# Coyote Attacks Cat On Porch; Cat Outsmarted Him



## win231 (Jun 10, 2022)




----------



## hawkdon (Jun 10, 2022)

Not sure that the cat had rear claws....lucky cat....


----------



## HoneyNut (Jun 10, 2022)

Scary,  hope the coyote wasn't waiting at the bottom of the post.  Orange cats seem to be more susceptible, I guess they are easier to spot.


----------



## Gemma (Jun 10, 2022)

Shame on the person filming this and not intervening to help that cat.


----------



## win231 (Jun 10, 2022)

HoneyNut said:


> Scary,  hope the coyote wasn't waiting at the bottom of the post.  Orange cats seem to be more susceptible, I guess they are easier to spot.


Or they taste better.


----------



## win231 (Jun 10, 2022)

Gemma said:


> Shame on the person filming this and not intervening to help that cat.
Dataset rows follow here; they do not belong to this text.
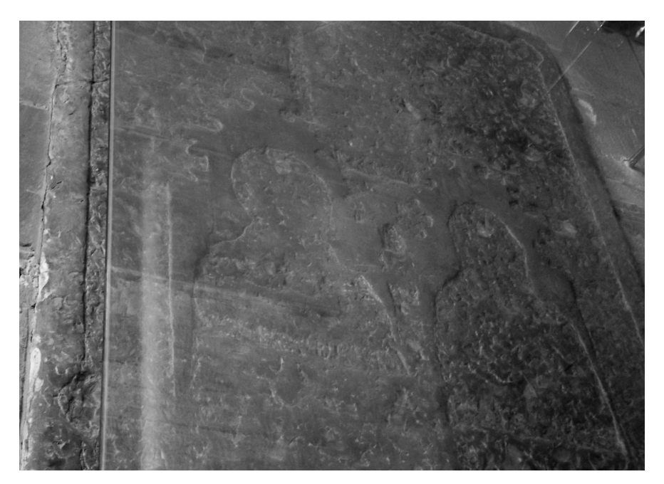
The tombstone of James I and Joan Beaufort, now on the east wall of St John's church.

destruction appears to have been thorough: the royal tomb of James I and Joan Beaufort was dismantled, presumably because of certain idolatrous features; while outside even the trees were destroyed, perhaps partly for military reasons. 88 Other than the valuables carried away by the prior, the only items known to have survived were a gateway that was subsequently incorporated into the parish church, though later demolished; 99 the doublet in which James I had been murdered; 90 a number of charters; 91 at least three books from the library; 92 and the royal tombstone of James I and Joan Beaufort. This formed part of the floor of the choir of the parish church for three centuries until it was moved to the east wall where it remains at present. 93
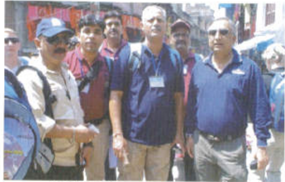
INSARAG training at Kathmandu, Nepal

Kathmandu, Nepal during April 21-24, 2009. The purpose of the exercise was to develop international coordination methodology in accordance with the INSARAG Guidelines, with a focus on cooperation between national and international disaster management authorities and response actors.
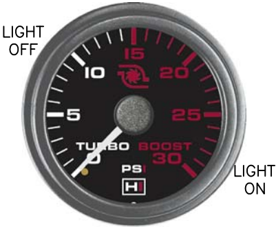
P/N 102-101-3W-1 SCALE: 3/4
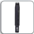
CMS EXTENSION COLUMNS
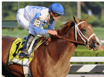
Dublin

which had a significant impact on two of the probable favorites, undefeated ★ "TDN Rising Star" ★ Conveyance (Indian Charlie) and last year's GI Three Chimneys Hopeful S. winner Dublin (Afleet Alex). Conveyance, winner of the GIII San Rafael S. over Santa Anita's Pro-Ride Jan. 16, was originally assigned post two, but now finds himself in post eight. Dublin would have been marooned out in post 10, but now has drawn post three in his seasonal bow. The San Rafael was Conveyance's first start over a route of ground, and trainer Bob Baffert is hopeful the switch to conventional dirt will be beneficial for the
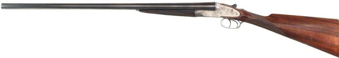
England, Bozard & Co. Dbl. Shotgun, 1880, 1 shot per trigger, Top Break, 16 ga, 8.5 lb.

Also: Remington Dbl. Shotgun, 1877, 1 shot per Trigger, Double Barrel, Top Break, 30" barrel, 12 or 10 ga, 8.4 or 8.8 lb.
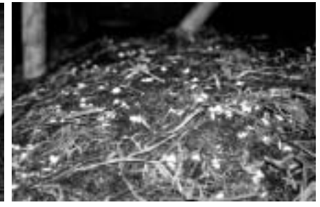
Figure 15. Spawn run (8 days after spawning)
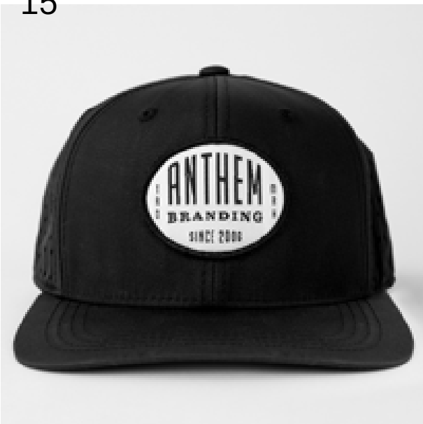
Polyester + Perforated Poly Mid Crown + Flat Brim
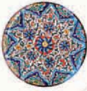
Iznik-style plate, Cavalry Bazaar

Whether you want to lose yourself in the aromas of exotic spices, rummage for old prints and miniatures among secondhand books, hunt for souvenirs or just shop for food, you will find a market or bazaar catering to your tastes somewhere in Istanbul. An obvious first stop is the Grand Bazaar, but several others are well worth visiting for their more specialized produce and their atmospheric settings. Every neighbourhood in Istanbul has its own open-air market on a specific day of the week. At these markets, crowded with budget-conscious housewives, you will find a huge variety of merchandise at the cheapest possible prices.
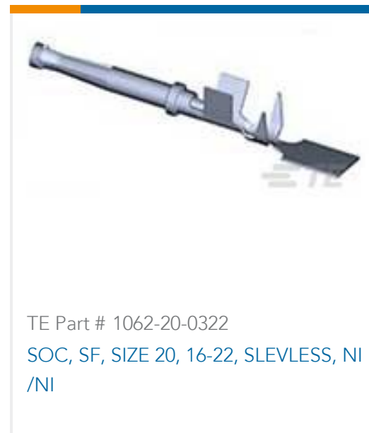
TE Part # 1062-20-0322 SOC, SF, SIZE 20, 16-22, SLEEVLESS, NI /NI
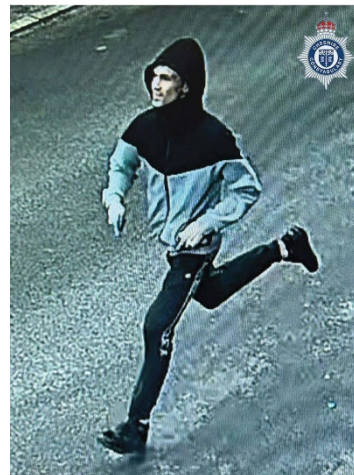
CCTV image 2

I don't think anyone was filming.  A security camera filmed it late at night.


----------



## Blessed (Jun 10, 2022)

That was just horrible!! Poor little thing, you can just see the look in his eyes and face. See him talking, begging for help.  Somebody did film that, watch again, you can see the porch light go on and you can see the camera zoom in. I hope that cat comes back and makes his yard a litter box and slaps the person HARD in the face.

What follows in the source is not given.